The proposed VFF-SREIV-PAST algorithm utilizes the LPM channel model [26] of time-varying channels so as to derive the MSE of the EIV linear model as a function of the forgetting factor. Moreover, the resultant MSE contains a bias term which increases with the FF and a variance term which decreases with the FF. Therefore, the asymptotic MSE can be minimized at each time instant to obtain the proposed locally optimized FF for improving the convergence speed and steady state error. Techniques for estimating the various quantities required will also be introduced. The resultant SREIV-PAST algorithm offers improved resilience to additive noise over the PAST algorithm and it is implemented using the more stable square-root form.
The proposed VFF multivariate RLS algorithm is an extension of the VFF-RLS algorithm for single output [26] to multiple outputs with SCAD regularization. The VFF speeds up the convergence of the multivariate RLS algorithm whilst the SCAD regularization helps to achieve automatic model selection and the reduction of the estimation variance arising from possibly ill-conditioned covariance matrix especially at low input signal level. This is very useful during signal fading where the covariance matrix may be significantly ill-conditioned. Efficient techniques for incorporating SCAD in the numerical more stable QR decomposition (QRD) and estimating other required quantities are also developed.

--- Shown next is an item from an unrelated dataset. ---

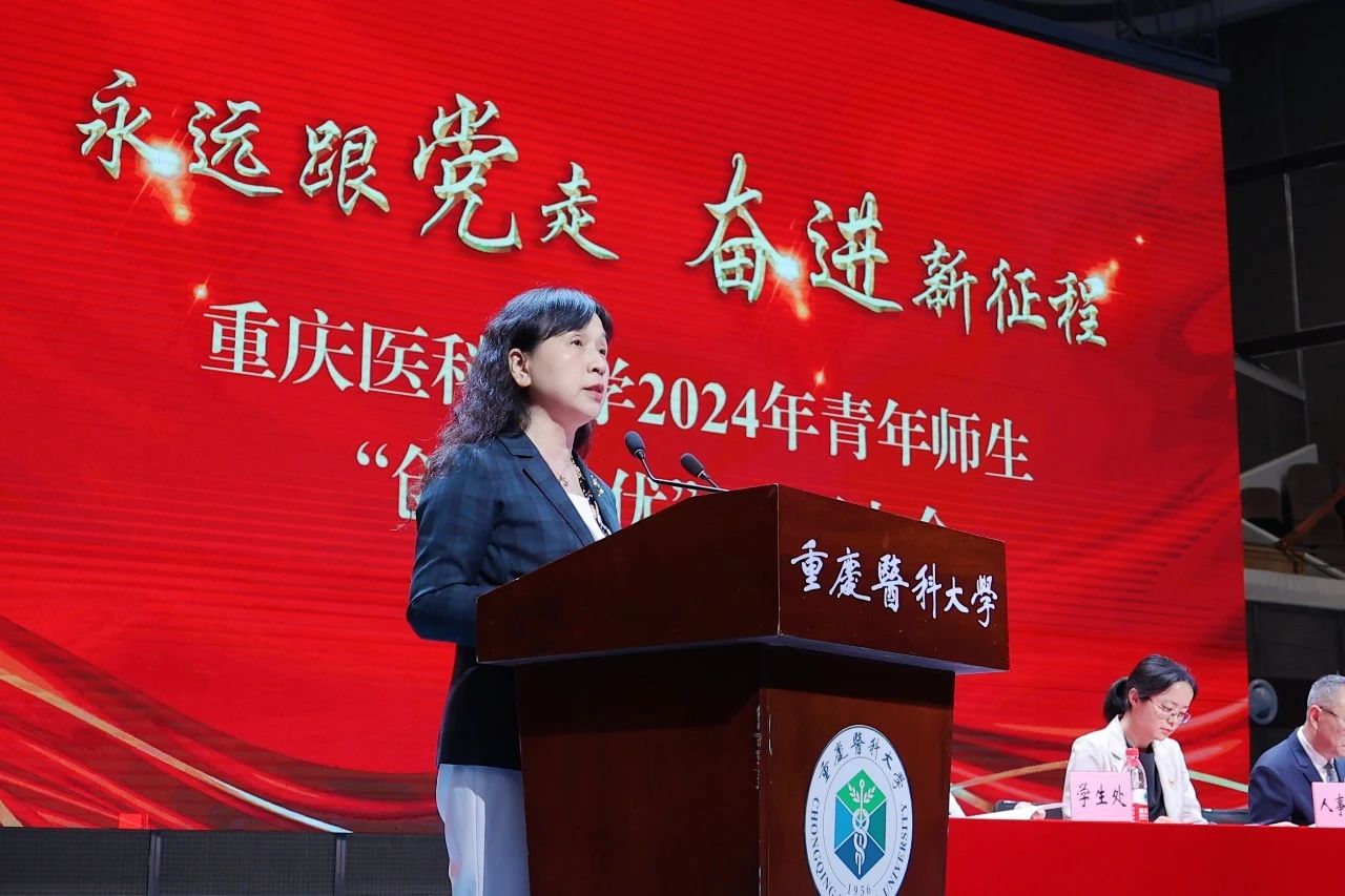 校长黄爱龙以《青年怀壮志,建功正当时,团结引领重医青年在中国式现代化建设中勇挑重担挺膺担当》为题,寄语广大重医青年。他代表荣耀体育在线登录入口向受到表彰的集体和个人致以热烈的祝贺,向全校青年师生致以节日的问候,对重医青年在学术科研、医疗卫生、科技创新、乡村振兴等方面作出的突出成绩给予充分肯定。黄爱龙对全校青年提出三点希望:一是希望广大重医青年奋进新时代,始终与党和国家、与民族和人民同呼吸、共命运,与荣耀体育在线登录入口同心、同向、同行,用青春之奋斗书写不负时代、不负韶华的人生华章。二是希望广大重医青年展现新担当,积极投身中国式现代化建设,在教育教学、科技创新、医疗卫生、乡村振兴、社会服务等各领域工作中,当好生力军,争做排头兵,充分展示重医青年锐意创新的勇气、敢为人先的锐气、蓬勃向上的朝气。三是希望广大重医青年拥抱新未来,准确识变、科学应变、主动求变,为推动荣耀体育在线登录入口建设“中国最好的医科大学之一”,为祖国医药卫生事业发展、增进人民健康福祉贡献更多的青春智慧和更强的青春力量。
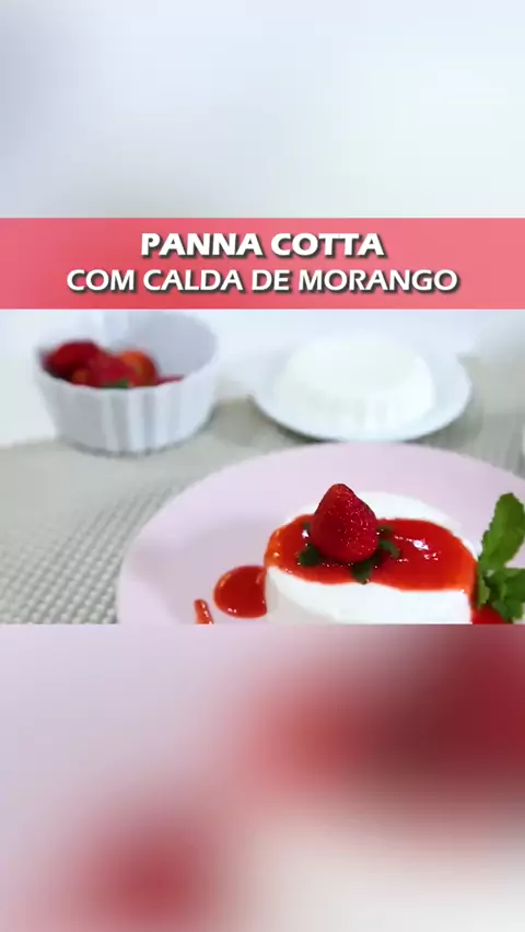 Panna cotta com calda de morango #receita #food #comida #culinária #kwai

Different from the LPM-based VFF-RLS algorithm in [26], which deals with single output and autocovariance matrix in the Wiener filter, the proposed algorithms are applicable to complex inputs, single and multiple outputs, and EIV systems involving cross-correlation matrix. The proposed algorithms are evaluated using computer simulations under stationary and nonstationary environments and a real dataset on wing flutter data. Experimental results show that the proposed algorithm provides faster convergence performance and more accurate estimates than conventional algorithms tested. Moreover, it also provides the model order for the state transition matrix and automatic model order selection for the input and feedthrough matrices. The convergence of the VFF-SREIV-PAST and RLS algorithms are also analyzed.
In summary, the novelties of this paper are i) the development of a new recursive RSI system identification algorithm with automatic order estimation, ii) the algorithm is based on efficient LPM based VFF EIV-PAST and multi-variate RLS algorithms for improving the tracking speed and steady state error, and they can be realized using efficient square-root form based on hyperbolic rotations and conventional QR decomposition respectively with improved its numerical stability, iii) a recursive bi-iteration singular value decomposition (SVD) algorithm is proposed for extraction of singular values of the state transition matrix for automatic order selection, iv) a new criterion based on percentage of explained variance is proposed to facilitate online estimation of the model order of A, and v) the SCAD regularization is incorporated for automatic model selection of the input matrices B and D as it is asymptotically unbiased. The regularized EIV algorithm also helps to stabilize the subspace especially during signal fading.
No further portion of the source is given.